(Records from a data source)
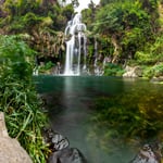 la base de la cascade, offrant une immersion totale dans la nature mauricienne.
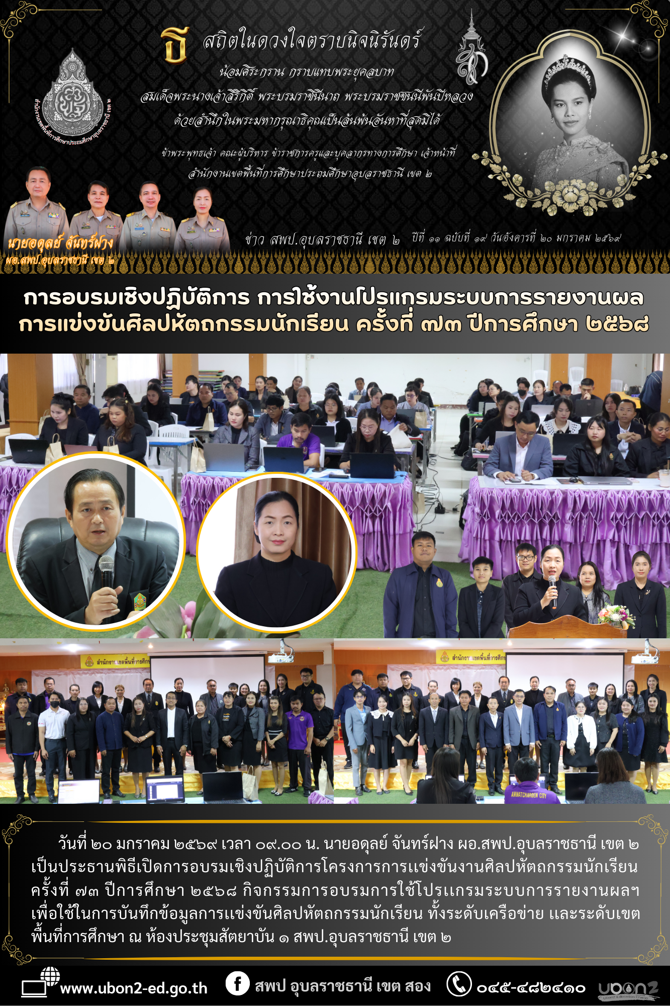 ข่าวประชาสัมพันธ์ ภารกิจ ผอ.สพป. การอบรมเชิงปฏิบัติการ การใช้งานโปรแกรมระบบการรายงานผลการแข่งขันศิลปหัตถกรรมนักเรียน ครั้งที่ ๗๓ ปีการศึกษา ๒๕๖๘
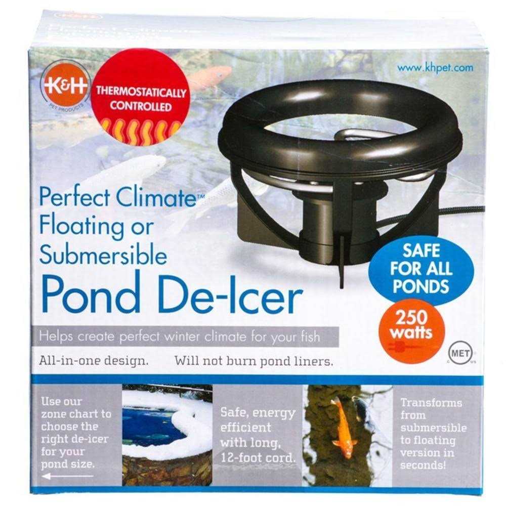 Floating or submersible in 1 convenient de-icer. Thermostatically controlled to keep your pond from freezing. Safe in all ponds and will not harm pond liners. Easy to maintain and clean. Includes a 12-ft cord. Operates at 250-watts. This product is ETL listed.
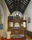 Further restoration took place under James Fowler[2][4] in 1876 when the box pews in the nave were replaced with the current pews and the elevated gallery was removed. The vestry was enlarged and parts of the chancel were rebuilt. The Last Supper reredos above the altar dates from this period while a new pulpit of Caen stone was installed; this has carvings of St John the Baptist in the wilderness, the Sermon on the Mount and Saint Paul in Athens. There are unceiled waggon roofs to nave and south aisle with carved bosses at each of the intersections. The arcade of bays has Pevsner 'B' type piers[4] with leaf capitals to the main shafts.[2][7]
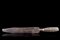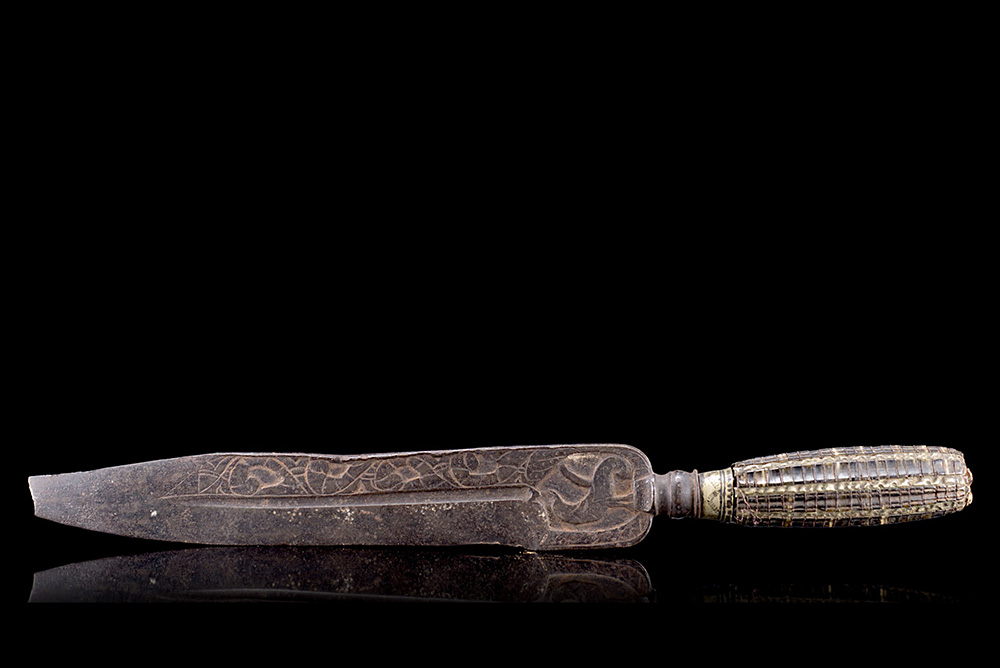 Forte coltello da caccia con manico periforme a dischi di corno sovrapposti. Forte lama scolpita con animali fantastici al tallone. Punta spezzata. Italia meridionale, Calabria, fine sec. XVIII

**What you are asked to do**:
Return the lines above exactly; the images are not part of the copy.

**Task result**:
 la base de la cascade, offrant une immersion totale dans la nature mauricienne.
 ข่าวประชาสัมพันธ์ ภารกิจ ผอ.สพป. การอบรมเชิงปฏิบัติการ การใช้งานโปรแกรมระบบการรายงานผลการแข่งขันศิลปหัตถกรรมนักเรียน ครั้งที่ ๗๓ ปีการศึกษา ๒๕๖๘
 Floating or submersible in 1 convenient de-icer. Thermostatically controlled to keep your pond from freezing. Safe in all ponds and will not harm pond liners. Easy to maintain and clean. Includes a 12-ft cord. Operates at 250-watts. This product is ETL listed.
 Further restoration took place under James Fowler[2][4] in 1876 when the box pews in the nave were replaced with the current pews and the elevated gallery was removed. The vestry was enlarged and parts of the chancel were rebuilt. The Last Supper reredos above the altar dates from this period while a new pulpit of Caen stone was installed; this has carvings of St John the Baptist in the wilderness, the Sermon on the Mount and Saint Paul in Athens. There are unceiled waggon roofs to nave and south aisle with carved bosses at each of the intersections. The arcade of bays has Pevsner 'B' type piers[4] with leaf capitals to the main shafts.[2][7]
 Forte coltello da caccia con manico periforme a dischi di corno sovrapposti. Forte lama scolpita con animali fantastici al tallone. Punta spezzata. Italia meridionale, Calabria, fine sec. XVIII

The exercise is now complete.